In this lab, we will install and use some common Kubernetes cluster monitoring tools. We will then deploy a Kubernetes Horizontal Pod Autoscaler (HPA) and manage a Deployment replica count using the CPU metric.
Chapter Details | |
---|---|
Chapter Goal | Learn Kubernetes best practices |
Chapter Sections |
Make sure that Core Metrics Server is deployed:
$ kubectl apply -f ~/k8s-examples/extensions/metrics-server
clusterrolebinding.rbac.authorization.k8s.io/metrics-server:system:auth-delegator unchanged
rolebinding.rbac.authorization.k8s.io/metrics-server-auth-reader unchanged
apiservice.apiregistration.k8s.io/v1beta1.metrics.k8s.io unchanged
serviceaccount/metrics-server unchanged
deployment.extensions/metrics-server unchanged
service/metrics-server unchanged
clusterrole.rbac.authorization.k8s.io/system:metrics-server unchanged
clusterrolebinding.rbac.authorization.k8s.io/system:metrics-server unchanged
If the Metrics Server is already deployed you will get some warnings, which are harmless.
Kube-prometheus is a collection of manifests that combines various monitoring tools such as Prometheus, Grafana, Alertmanager, and etc. It is preconfigured to collect metrics from all Kubernetes components and provide you with a default set of dashboard and alerting rules.

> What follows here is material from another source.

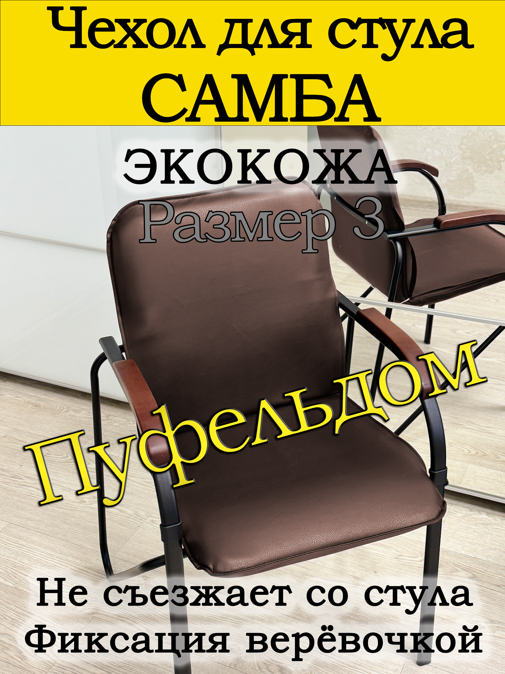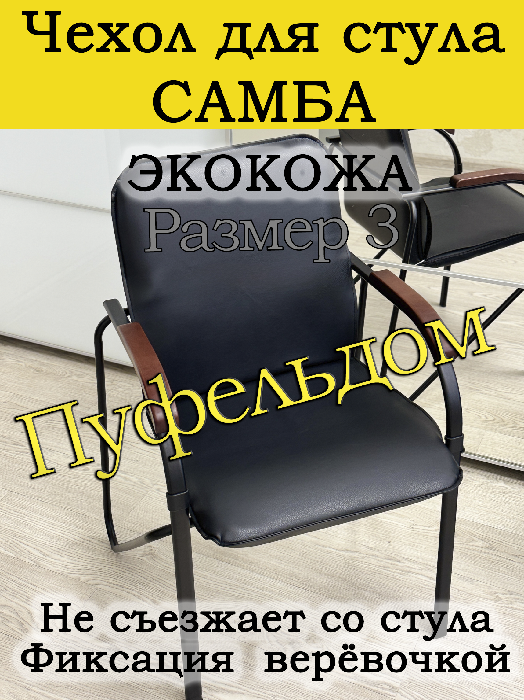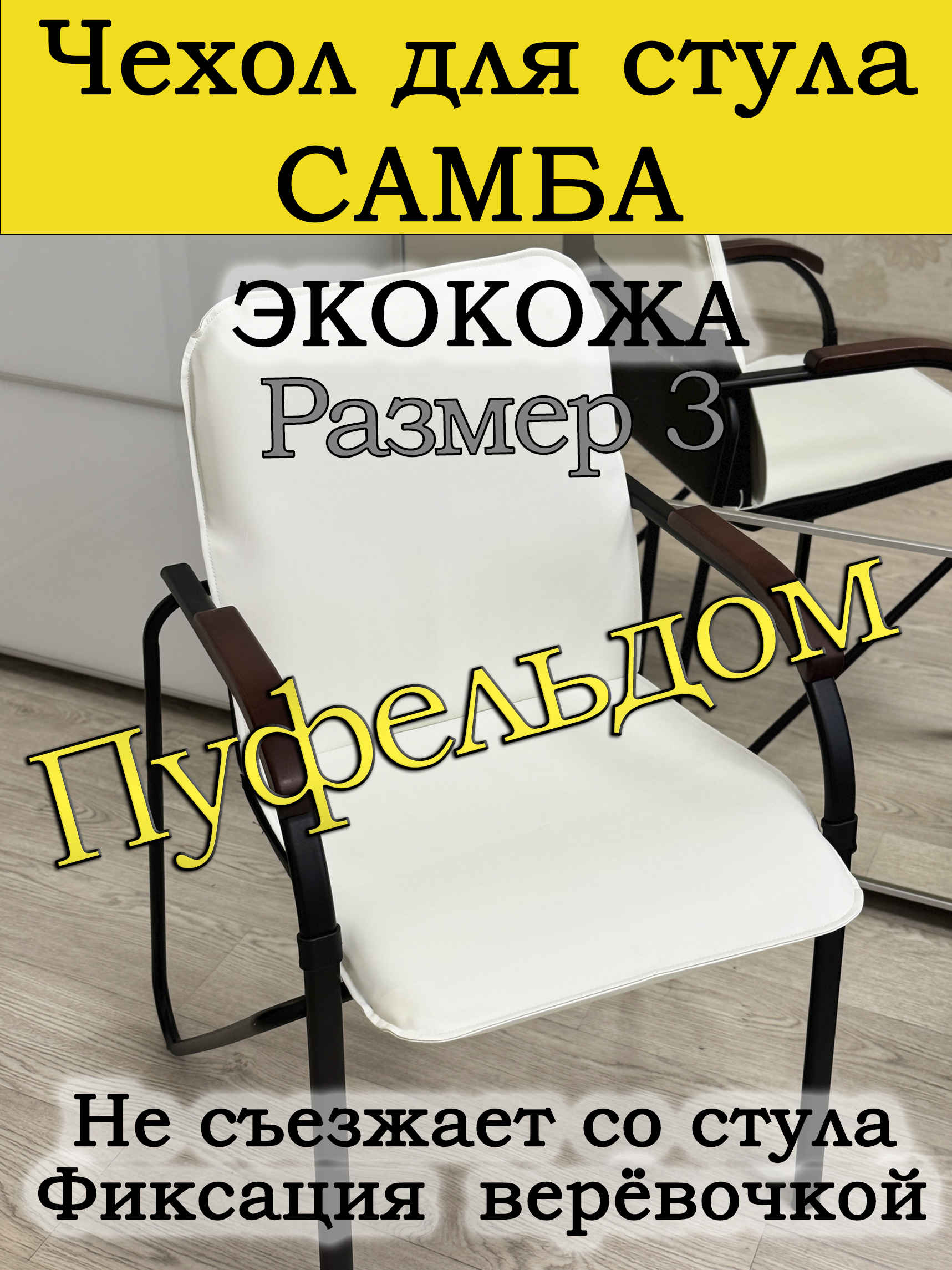 Чехол для стула Самба, который не съезжает. Может быть изготовлен из антивандального велюра и износостойкой экокожи. Ширина 48 см, высота спинки 46 см, глубина сиденья 44 см. Указанные размеры от шва до шва.
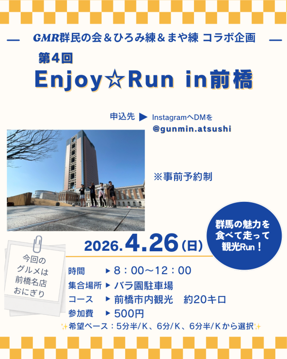 群馬の名所をみんなで楽しく走って、そのご当地のグルメを走った後に楽しむ恒例イベント。

The source code and manifests are available at ~/k8s-examples/addons/kube-prometheus
We will use these manifests to deploy all of our monitoring components. We will need to stage our deployment to mitigate any race conditions as Kube-prometheus includes Custom Resource Definitions and a custom operator.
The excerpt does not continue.